As the lifting shaft is rotated in a first direction to wind the tethers, each tether is simultaneously wound about its respective spool so as to lift the gripping device (and a container when gripped by the gripping device). The lifting shaft is rotated in a second direction (opposite the first direction), to simultaneously unwind each tether from its respective spool, thereby lowering the gripping device (and a container when gripped by the gripping device).

In the embodiments of Figures 10 and 12, the tethers connect to the gripping device 100 via four further pulleys (one at each corner of the gripping device). However, in other embodiments, the lower end of each tether may connect to the gripping device without the need for further pulleys (e.g. the lower end of the tethers may connect directly to the gripping device 100).

Although not shown in the embodiments of Figures 10 and 12, a motor 106 is provided to rotate the lifting shaft in the first and second directions. In each of the embodiments of Figures 7-12, the motor 106 is configured to rotate the lifting shaft such that all the tethers are wound or unwound simultaneously and at the same rate so as to lift and lower the gripping device evenly and steadily.

In some embodiments, each spool is mounted to the lifting shaft via a respective slip clutch. As the lifting shaft is rotated by the motor in the first direction, the tethers are wound to lift the gripping device. Once the gripping device 100 reaches its top or fully lifted position (i.e. the gripping device 100 is fully lifted by the raising and lowering mechanism 39 e.g. into the body 33 of the bot 31), the motor can over drive beyond the torque of the slip clutches such that the slip clutches slip and the spools no longer rotate. Each pulley comprises a hard stop (e.g. a mechanical stop) against which the gripping device abuts once it reaches its fully lifted position. By providing a slip clutch for each spool, the lifting assembly 102 can level the gripping device 100 should the gripping device 100 become uneven (e.g. during lowering and/or lifting of the gripping device or due to stretching or slipping of one or more of the tethers). For example, in the embodiment of Figure 10, the gripping device may become uneven during lowering and/or lifting of the gripping device such that a first end of the gripping device (i.e. the end lifted by the first spool at the first end of the lifting shaft) reaches its fully lifted position and abuts against the hard stops at the pulleys, while a second end of the gripping device (i.e. the end lifted by the second spool at the second end of the lifting shaft) has not yet reached its fully lifted position. The motor continues to rotate (i.e. over rotates) the lifting shaft such that the second end of the gripping device is lifted to its fully lifted position and abuts against the hard stop at the pulley. During this over rotation of the motor to rotate the lifting shaft and lift the second end of the gripping device, the slip clutch at the first spool slips and prevents further rotation of the first spool, thereby keeping the first end of the lifting shaft at its fully lifted position.

In the embodiment of Figure 10, a slip clutch is provided at each spool, thereby allowing the lifting assembly 102 to level any unevenness between the first end and the second end of the gripping device.

In some embodiments of Figure 12, a slip clutch is provided at each spool and each pulley comprises a hard stop (e.g. a mechanical stop) against which the gripping device abuts once it reaches its fully lifted position.
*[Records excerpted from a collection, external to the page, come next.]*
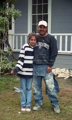 Construction work on old house. Man hugging girl to his side. Paint on jeans. Blue house. The Alvah and Mary Blowers house on North Main St.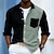 Herr Geometrisk Färgblock Lappverk Skjorta Ståkrageskjorta Långärmad Mode Casual Vardag Helgdag Vår Höst Kraghalsband Bandkrage 3D-utskrift Skjortor med knappar Armégrön Purpur Kaki
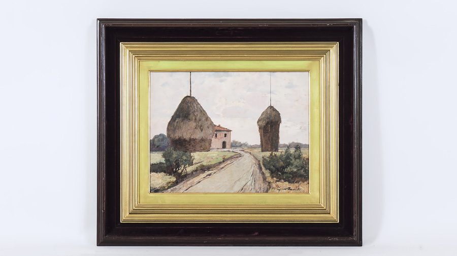 GINO ROMITI (1881-1967) Scorcio di strada di campagna con pagliai e casolare olio su tavoletta, firmato, in cornice cm 31,5x41 Coutry Landscape, oil on panel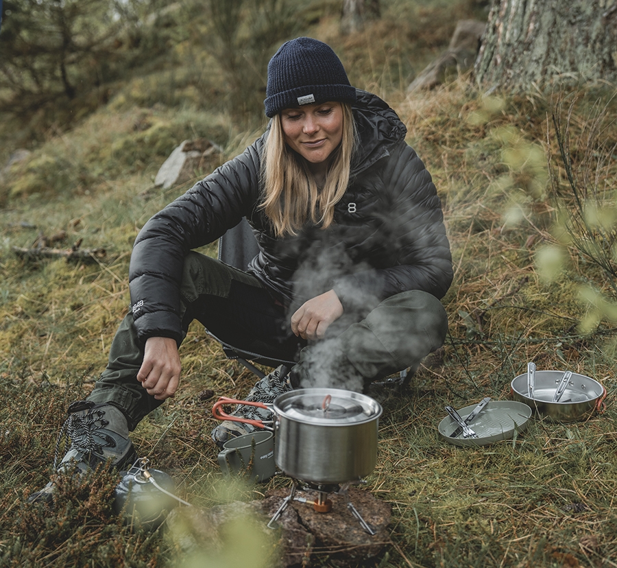 Hvis du planlægger campingture eller vandreture, gør dette sæt madlavning i naturen problemfrit. Med en vægt på kun 875 g er det let at bære i rygsækken under lange vandredage. Det stabelbare design reducerer pakkestørrelsen til 11,5 x 19,5 cm, så det passer i en campingrygsæk uden at optage værdifuld plads.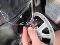 Disconnect the final two power window cables that connect the door panel to the door frame by pulling both out of their sockets.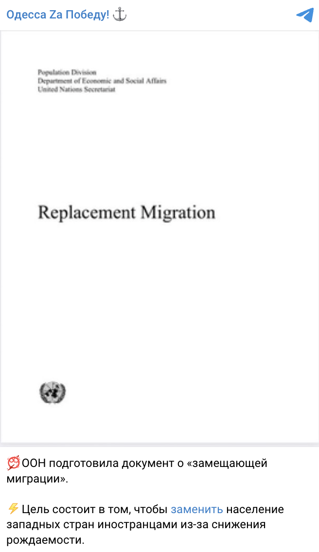 Документ с таким названием действительно существует и опубликован на официальном сайте ООН, однако еще в марте 2000 года. Более того, он не содержит никакого плана по «замене» населения. Это аналитическое исследование, где моделируются гипотетические демографические сценарии для отдельных стран мира. Примечательно, что, по словам пропагандистов, политику «замещающей миграции» якобы планируют применять только для западных стран, хотя исследование проводилось и для рф, и для Японии, и для Южной Кореи.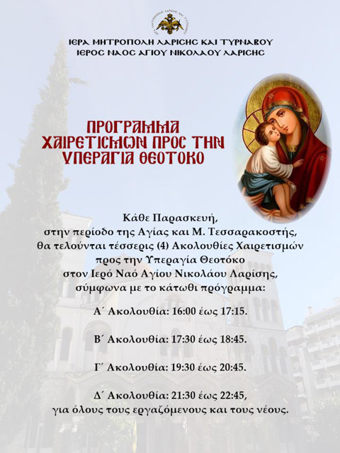 Κάθε Παρασκευή, στην περίοδο της Αγίας και Μ. Τεσσαρακοστής, θα τελούνται τέσσερις (4) Ακολουθίες Χαιρετισμών προς την Υπεραγία Θεοτόκο στον Ιερό Ναό Αγίου Νικολάου Λαρίσης, σύμφωνα με το κάτωθι πρόγραμμα:

As described above, by providing a slip clutch at each spool, the lifting assembly 102 is able to level the gripping device should it become uneven during lowering and/or lifting. If a side or a corner of the gripping device becomes uneven, the motor continues to rotate the lifting shaft until the uneven side or corner is lifted to its fully lifted position and abuts against the hard stop at the pulley. In the embodiment of Figure 12 a spool is provided for each tether. As such a slip clutch can be provided at each spool to control the level of each individual tether. This advantageously allows the lifting assembly 102 to control and level each corner of the gripping device should it become uneven.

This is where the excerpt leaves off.